(2021-Mar-15) While watching the first MiB movie with my family, it was quite clear that the character played by Will Smith at first didn’t have a clear idea about what the “galaxy is on Orion's belt” phrase really meant, {spoiler alert} only then to understand that a galaxy could be as small as a marble, containing billions of stars.
A similar idea in a database, where one table column could contain a whole universe of another subset of data, can also expand your unrestrained horizons to help you to see the potential volume of structured (or less structured) information.
I remember back in the early 2000s where an XML column type was introduced to the SQL Server, many battles were thought to discourage such idea of a complex data type within a table, where one of the main arguments was a slow performance to read/write this data.
With JSON data type (or actually a more complex text column, and in SQL Server interpretation it could be defined as VARCHAR(MAX)), I don’t have a desire to start another argument, but just try to imagine how much text data could be stored in a single column of possible 2Gb in size. It is just like a whole database in a single line of a record, isn't this exciting 🙂
Recently, Microsoft Azure Data Factory (ADF) product team delivered a new Parse transformation that can be used both for complex JSON and text delimited data: https://docs.microsoft.com/en-us/azure/data-factory/data-flow-parse. So, I decided before using it in a real project to give it try and test on a simple JSON data set, and that’s why I named my post this way.
The original JSON sample data set has been found here: https://opensource.adobe.com/Spry/samples/data_region/JSONDataSetSample.html
I have already used it in my attempt to expand/flatten/explode a JSON dataset with the help of Flatten data transformation, now it’s time to see what I can do with the Parsing ADF capability: http://datanrg.blogspot.com/2020/03/transforming-json-to-csv-with-help-of.html.
Originally, if a sourcing dataset is interpreted (or presented) for ADF as JSON data, then this dataset could be easily flattened into a table with two steps to (1) Flatten JSON Toppings first and then (2) Flatten more complex JSON Batters data element, as well carrying other regular id, type, name, and ppu data attributes.
When you push your data workload and its dataset is not entirely JSON formatted (e.g. a regular table, with one or more JSON formatted columns), then this new Parse data transformation becomes very practical.
Looking at the same JSON data as a text column we would need to make a few more additional steps: (1) Parse this JSON data column, then (2) expand the Toppings by Flatten transformation, (3) Parse JSON Topping and Batters, (4) Flatten JSON array of batter and then finally (5) Parse the expanded JSON batter set of attributes. It looks easy, let’s see how it works in reality.
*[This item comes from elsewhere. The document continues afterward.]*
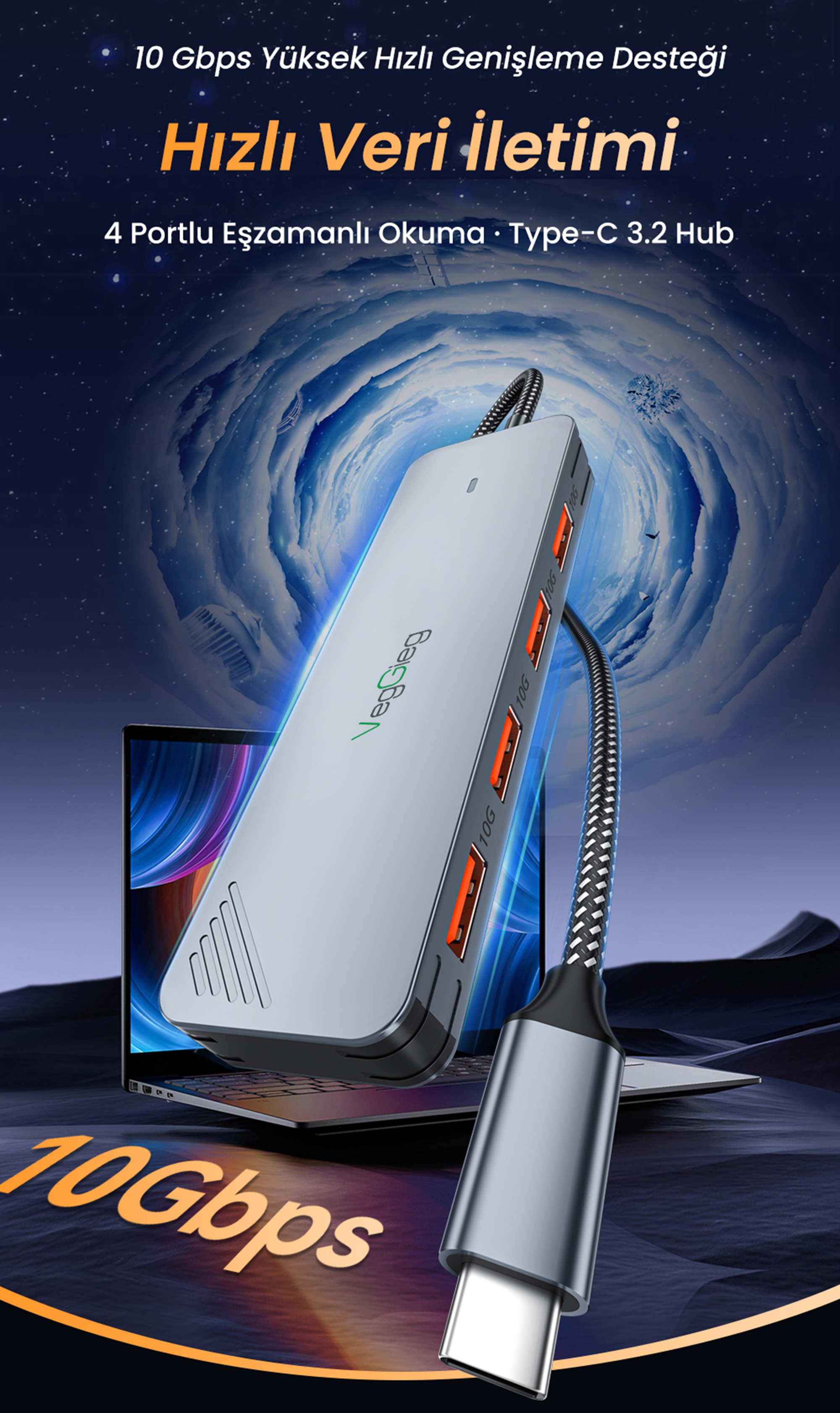 1 x VegGieg 4 Portlu 10Gbps Type-C to 4*USB-A 3.2 Gen2 Çoklayıcı Dönüştürücü Hub

(1) Parse JSON data column
Transformation settings
Then in the Parse settings, I have to configure my output column in this way:
Output dataset
Data Preview
(2) Flatten Toppings
Transformation settings
Output dataset
Data Preview
(3) Parse JSON Topping and Batters
Following the expansion (or flattening) of the json_topping, it was quite noticeable that I could use the same Parse transformation to get explicitly extract the id and type of my JSON topping construction. Since the Parse transformation allows me to chose multiple columns, there was nothing wrong to add the extraction of the batter JSON elements from its JSON batters parents as well.
Transformation settings
Output dataset
Data Preview
(4) Flatten JSON Batter
Transformation settings
Output dataset
Data Preview
(5) Parse JSON Batter
Transformation settings
Output dataset
Data Preview
Summary (or things to remind me next time I work with Parse in ADF)
- JSON settings (Single document, Document per line, Array of documents) at each Parse transformation is VERY important to define whether your files contain a single JSON, multiple JSONs in separate lines, or in an array format. I've had multiple errors when this setting wasn't set correctly.
- Not to forget to give different column names at each transformation step (and this is applicable to both Parse & Flatten); I had several Spark error messages when similar sourcing and output columns were colliding with each other.
- It helps to do a data profiling first before parsing it, it will help to plan your transformations steps.
- Sometimes Parsing in ADF was a bit slower than I expected even on a small dataset.
- Will I use Parse in ADF? Yes: it works well with simple JSON elements. Will I use with more complex JSON structure, like arrays? Maybe: I still need to do more testing to see how it works on a large dataset.